Ein internationales Team von Wissenschaftlern hat außergewöhnlich gut erhaltene Gletscherformen entdeckt, die fast einen Kilometer unter der Nordsee begraben sind und auf ein Alter von etwa einer Million Jahren datiert werden.
Die Forscher verwendeten 3D-seismische Technologie, die ursprünglich zur Bewertung der Eignung von Sedimenten für Öl-, Gas- und erneuerbare Energieinfrastrukturen entwickelt wurde, um diese antiken Merkmale aufzudecken. Die Technologie offenbarte eine Landschaft, die von einem riesigen Eisschild geformt wurde, der einst von Norwegen in Richtung der britischen Inseln reichte. Die seismischen Daten zeigten auch längliche Furrows, die in den ehemaligen Meeresboden von starken Meeresströmungen eingegraben wurden, die der Vorstufe des Eisschildes vorausgingen, was auf eine dynamische Meeresumgebung hinweist.
Dr. Christine Batchelor, eine Senior Lecturer für Physische Geographie an der Newcastle University, betonte die Bedeutung der Untersuchung, wie vergangene Gletscher auf langfristige Klimaveränderungen reagierten. Der Hauptautor Dr. Dag Ottesen vom Geologischen Dienst Norwegens stellte fest, dass die hochauflösenden Daten es ermöglichen, die unter dem Nordsee-Sediment begrabenen Landschaften detailliert zu untersuchen.
Das Forschungsteam identifizierte Gletscherformen, darunter stromlinienförmige Kämme, die durch die Bewegung von Eis geformt wurden, sowie Merkmale, die den Rückzug des Eisschildes markieren. Sie fanden heraus, dass starke Meeresströmungen die Region der Nordsee dominierten, bevor die Eisschilde vor etwa einer Million Jahren Einzug hielten, den Meeresboden formten und längliche Furrows schufen.
Moderne seismische Daten deuten darauf hin, dass sich die Eisschilde in Nordwesteuropa erheblich ausdehnten, als Reaktion auf eine Klimakühlung vor etwa einer Million Jahren, was mit der Mid-Pleistocene Transition übereinstimmt, einer Zeit, die die globalen Klimamuster umgestaltete.

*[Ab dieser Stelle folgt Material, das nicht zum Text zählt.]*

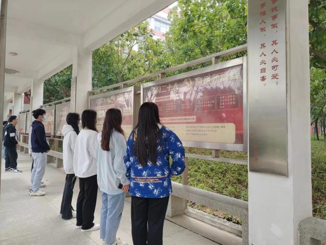 展板内容清晰、生动新颖,以图文并茂的形式,展示了党的二十大报告的“大会主题”、“三个务必”、“十年来三件大事”、“五个重大原则”、“中国共产党的中心任务”、“中国式现代化的本质要求”、“伟大创举”、“五个必由之路”等理论精髓。每到一处,师生们认真驻足观看、仔细聆听讲解、细心记录笔记,现场感受新时代十年的伟大成就。
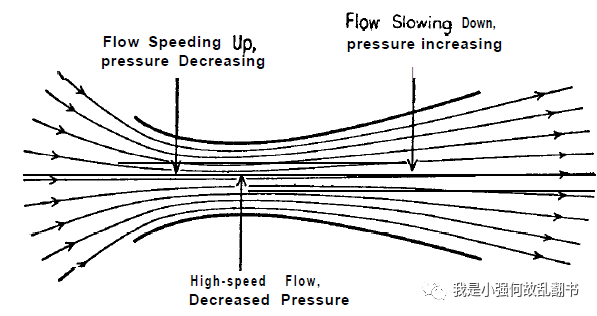 为什么机翼上方压力降低而在其下方压力增加?很多充满好奇心的读者依然会这样问。到目前为止,我们所说的归结起来只有下洗气流,这当然是一种解释方式。但也许更好的解释方式是类比。 这就不得不说一说大名鼎鼎的文丘里管了,如下图。

Das Verständnis, wie frühere Eisschilde auf klimatische Veränderungen reagierten, kann helfen, bessere Vorhersagen darüber zu treffen, wie die heutigen Eisschilde auf die globale Erwärmung reagieren werden. Dr. Batchelor erklärte, dass der nächste Schritt darin besteht, lange Sedimentkerne zu erwerben, um das Timing glazialer Ereignisse besser zu verstehen. Das Forschungsteam erkennt an, dass eine Einschränkung der Studie der Mangel an Daten über das genaue Alter der Formen ist.
Dr. Ottesen erklärte, dass diese Ergebnisse die bestehenden Vorstellungen von der glazialen Geschichte der Nordsee erheblich umschreiben. Die Identifizierung antiker Gletscherformen war historisch gesehen schwierig, da sie unter dicken Sedimentschichten begraben sind.
Weitere Co-Autoren der Studie sind Helge Løseth von Equinor ASA und Harald Brunstad von Aker BP ASA. Die Ergebnisse wurden in der Zeitschrift Science Advances veröffentlicht.